Protect yourself against future threats.
-----BEGIN PGP SIGNED MESSAGE-----
Hash: SHA256
===========================================================================
AUSCERT External Security Bulletin Redistribution
ESB-2016.2303
Multiple vulnerabilities have been identified in Fortinet FortiWLC
3 October 2016
===========================================================================
AusCERT Security Bulletin Summary
---------------------------------
Product: Fortinet FortiWLC
Publisher: Fortiguard
Operating System: Network Appliance
Impact/Access: Access Privileged Data -- Existing Account
Resolution: Patch/Upgrade
CVE Names: CVE-2016-7561 CVE-2016-7560
Original Bulletin:
http://fortiguard.com/advisory/FG-IR-16-029
http://fortiguard.com/advisory/FG-IR-16-030
Comment: This bulletin contains two (2) Fortiguard security advisories.
- --------------------------BEGIN INCLUDED TEXT--------------------
FortiWLC Undocumented Hardcoded Rsync Account
Info
Risk
5 Critical
Date
Sep 30 2016
Impact
Unauthorized read/write remote access
CVE ID
CVE-2016-7560
Fixed In Firmware
Patches (details see solutions)
FortiWLC runs a rsyncd server, historically used for High-Availability
purpose.

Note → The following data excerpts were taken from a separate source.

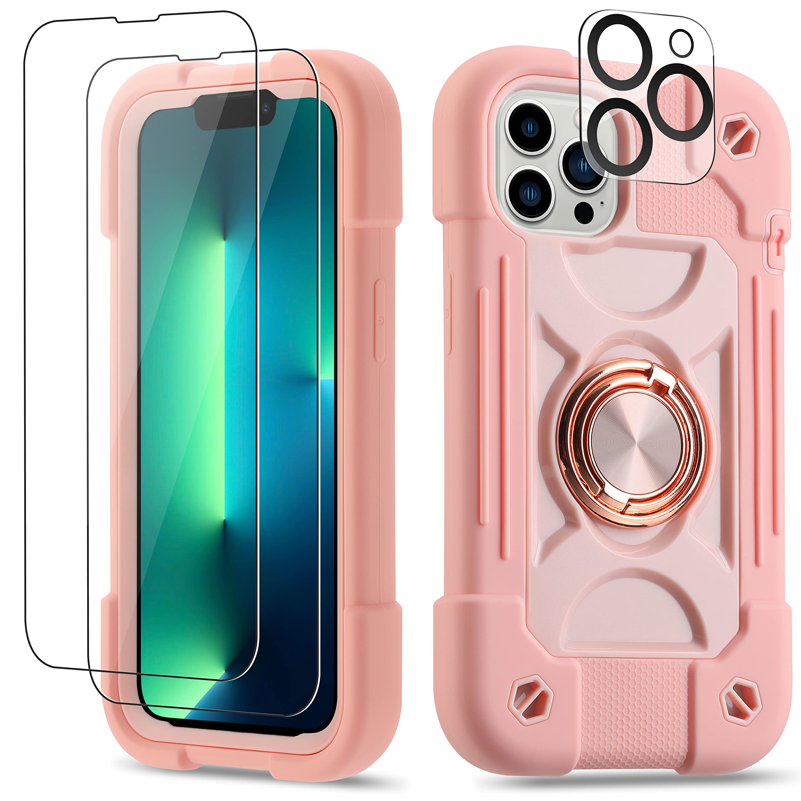 Cookiver for iPhone 13 Pro Case 6.1 Inch with Ring Stand, with 2 Pack Glass Screen Protector + 1 Pack Camera Lens Protector,Heavy-Duty Shockproof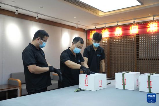 9月11日,工作人员在湖南省博物馆打开装有长沙子弹库战国帛书的箱子准备核验。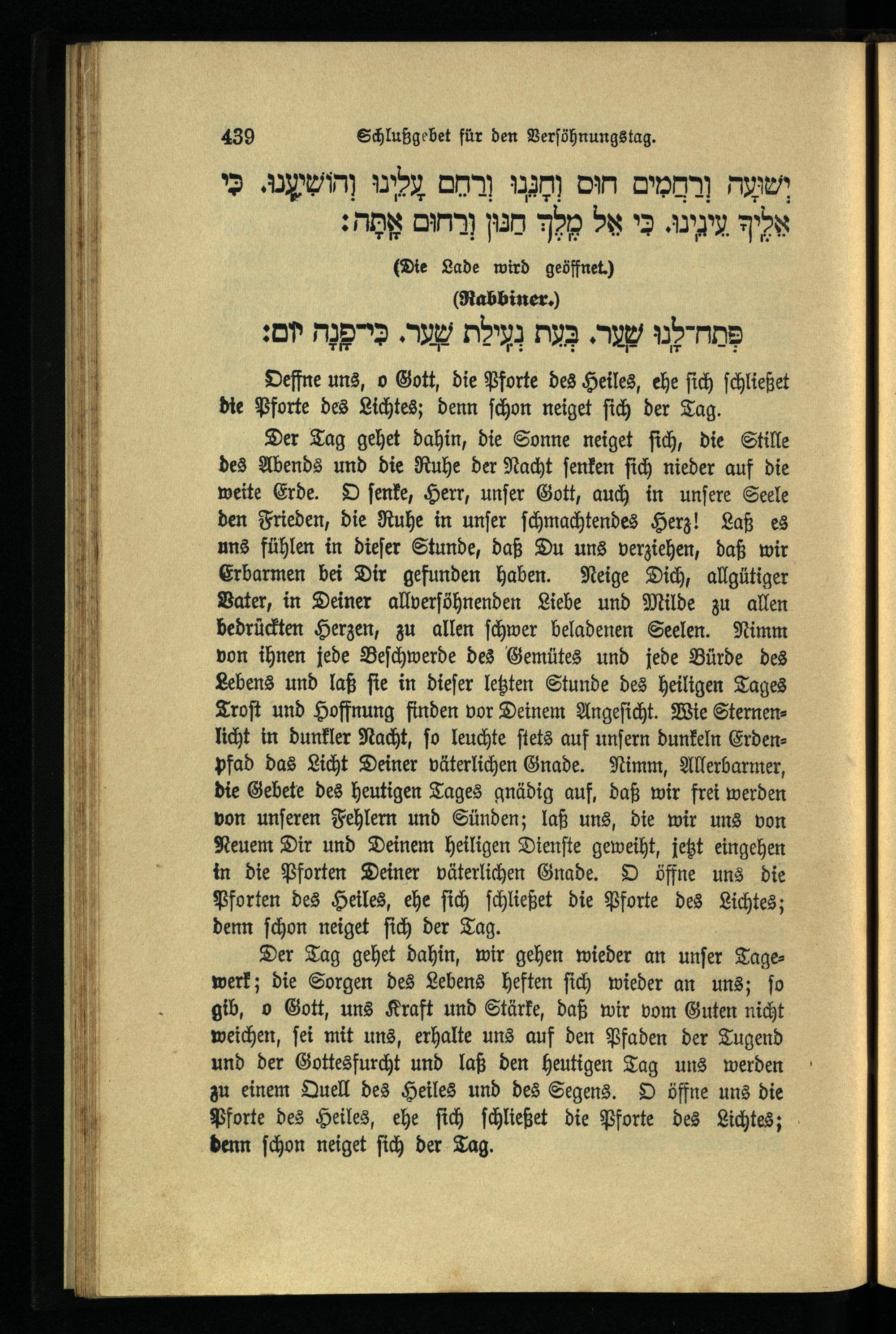 תפילה נעילה ליום כפור Schlußgebet für den Versöhnungstag.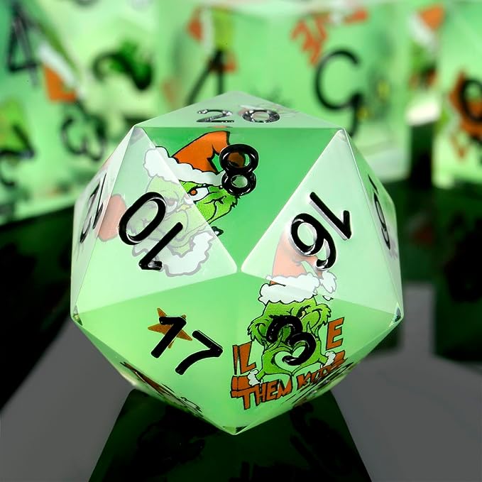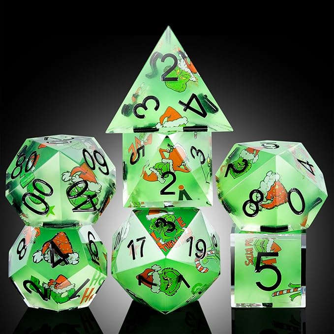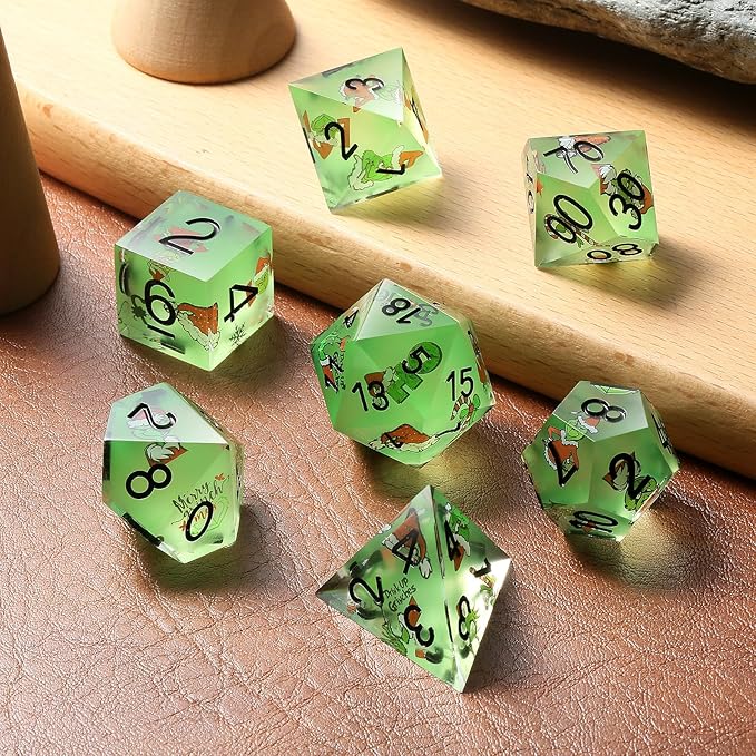 DNDND Full 7 Piece Sharp Edge Dice Set with Carton Stickers for Dungeons and Dragons D&D Table Games (Green with Carton)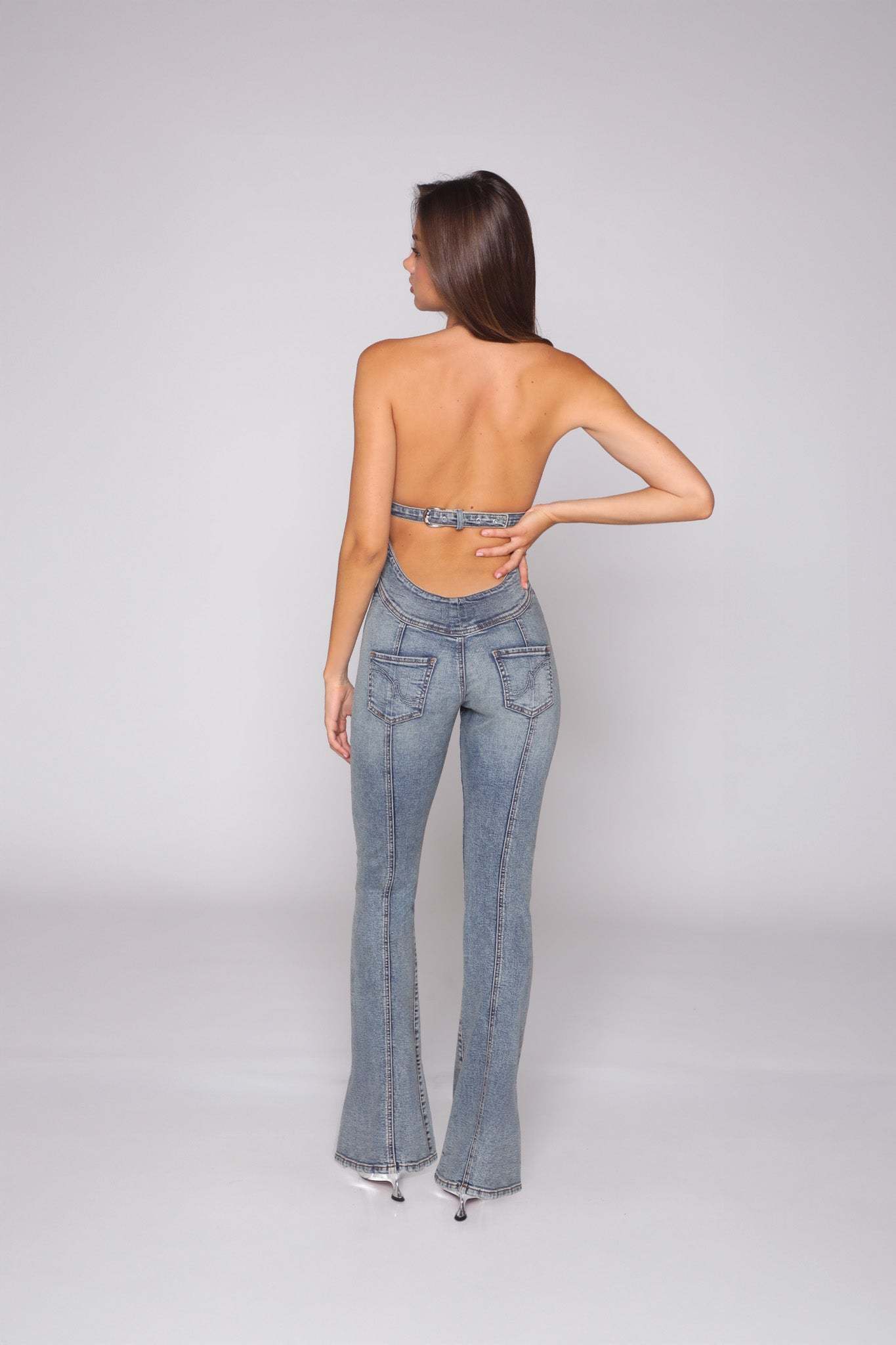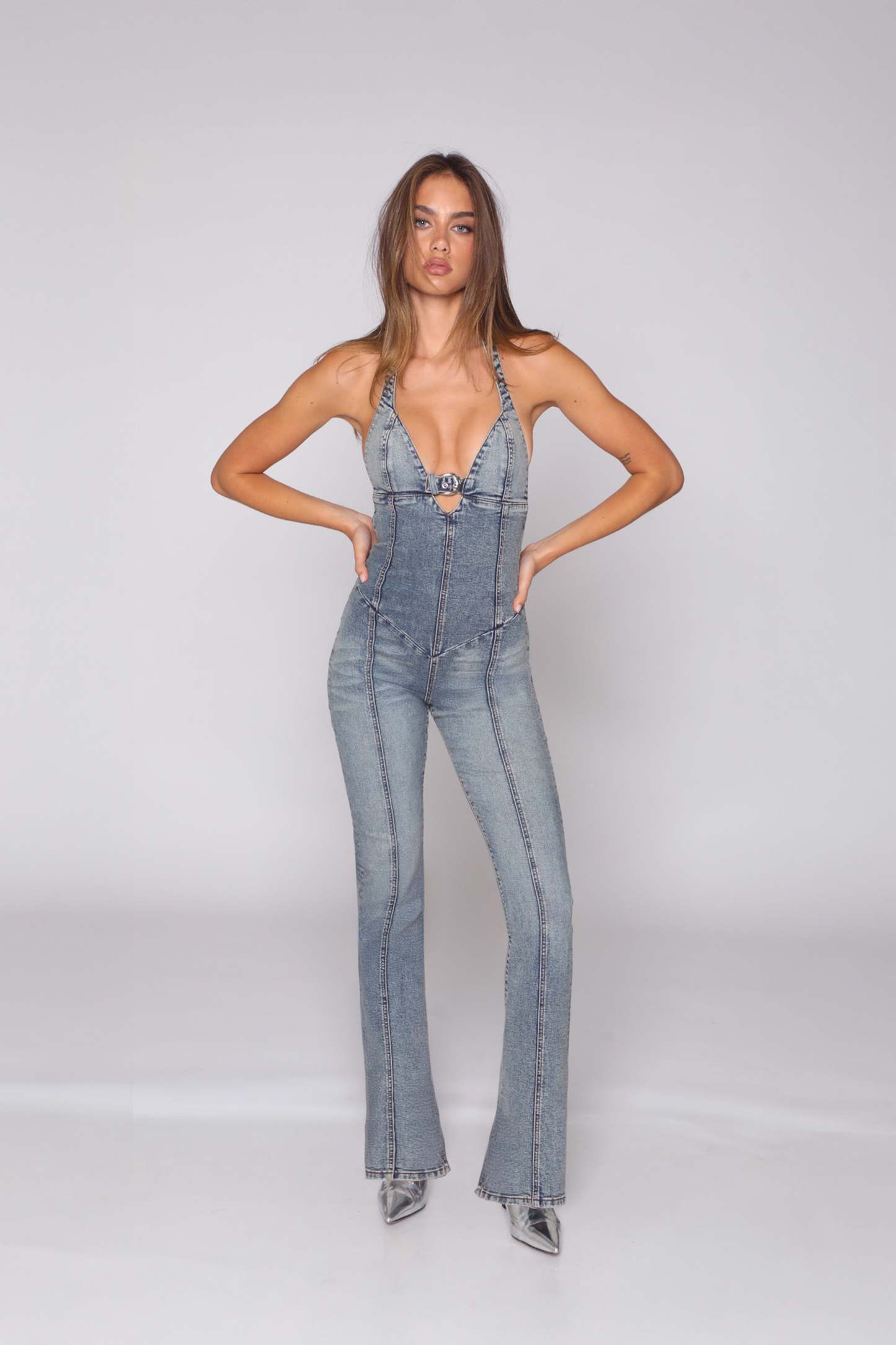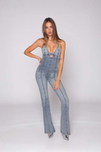 The Sweetheart Jumpsuit is cut to contour every curve, she zips up the front and features a daring buckle detail that pulls it all together — right where it counts. Designed to lift, shape, and make an entrance, she’s serving garage glam meets heartbreaker energy. Our Sunset Blvd blue denim wash, treated with potassium spray, gives that lived-in, road-tested edge that only gets hotter with every wear. Slip in, buckle up, and let the stares follow.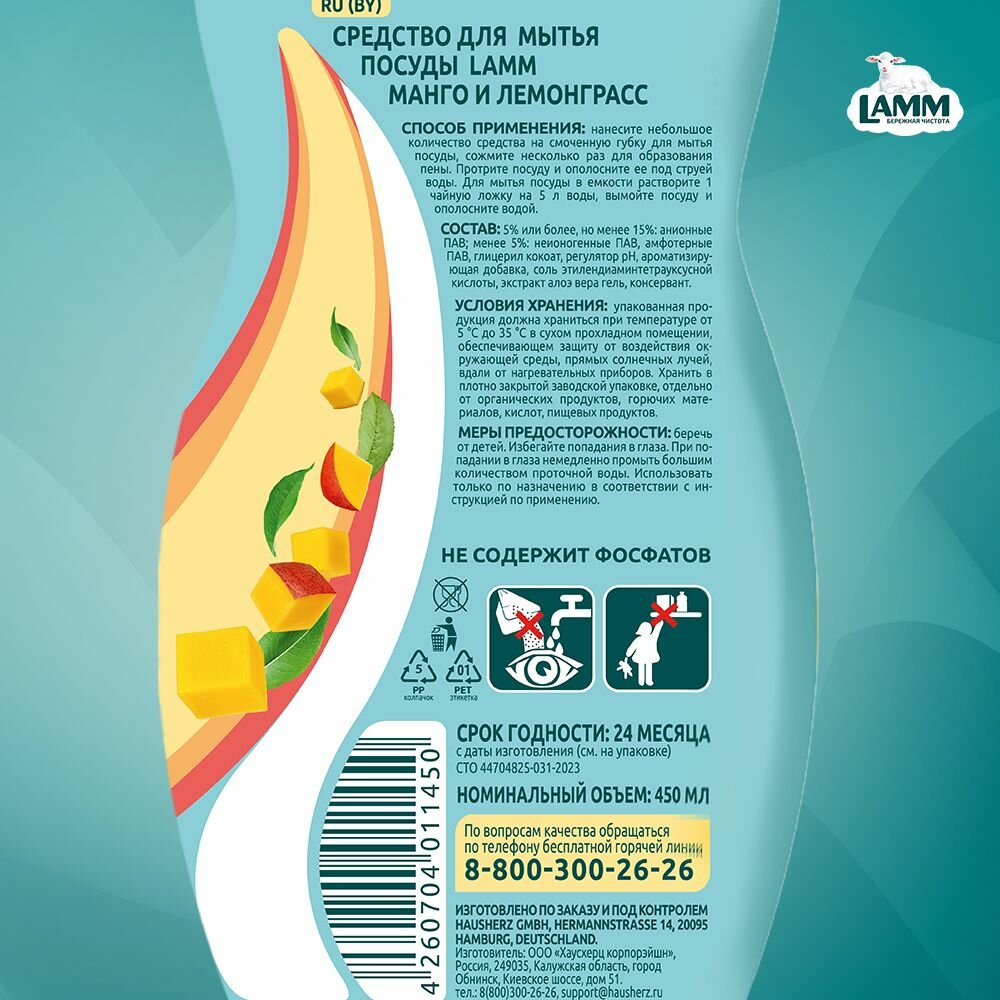 LAMM Нежные руки средство для мытья посуды Манго + Лемонграсс 450 мл, без фосфатов

This server comes with a hardcoded account, which has read/write
privileges over various parts of the system.
Impact
Unauthorized read/write remote access
Affected Products
FortiWLC 6.1-2-29 and below, 7.0-9-1, 7.0-10-0, 8.0-5-0, 8.1-2-0, and 8.2-4-0
Risk
5 Critical
Solutions
Depending on your version, apply the following patches:
Below 6.1-2-29
Update to 7.0-10-0 or above, and apply the corresponding patch.
6.1-2-29
meru-6.1-2-29-patch-bug0388397
7.0-9-1:
meru-7.0-9-1-patch-bug0388397
7.0-10-0:
meru-7.0-10-0-patch-bug0388397
8.0-5-0:
meru-8.0-5-0-patch-bug0388397
8.1-2-0:
meru-8.1-2-0-patch-bug0388397
8.2-4-0:
meru-8.2-4-0-patch-bug0388397
Acknowledgement
Fortinet is pleased to thank University of Toronto for reporting this
vulnerability under responsible disclosure.
- ---
FortiWLC PAM.log authenticated user information exposure
Info
Risk
4 High
Date
Sep 30 2016
Impact
User credential exposure
CVE ID
CVE-2016-7561
Fixed In Firmware
Patches (details see solutions)
The pam.log file generated by FortiWLC contains authenticated users
credentials (local admin and users authenticated against external servers).
Users with admin privileges can access the pam.log file and read the
credentials.
Impact
User credential exposure
Affected Products
FortiWLC 6.1-2-29 and below, 7.0-9-1, 7.0-10-0, 8.0-5-0, 8.1-2-0, and 8.2-4-0
Risk
4 High
Solutions
Depending on your version, apply the following patches:
Below 6.1-2-29
Update to 7.0-10-0 or above, and apply the corresponding patch.
6.1-2-29
meru-6.1-2-29-patch-bug0388249
7.0-9-1:
meru-7.0-9-1-patch-bug0388249
7.0-10-0:
meru-7.0-10-0-patch-bug0388249
8.0-5-0:
meru-8.0-5-0-patch-bug0388249
8.1-2-0:
meru-8.1-2-0-patch-bug0388249
8.2-4-0:
meru-8.2-4-0-patch-bug0388249
Acknowledgement
Fortinet is pleased to thank University of Toronto for reporting this
vulnerability under responsible disclosure.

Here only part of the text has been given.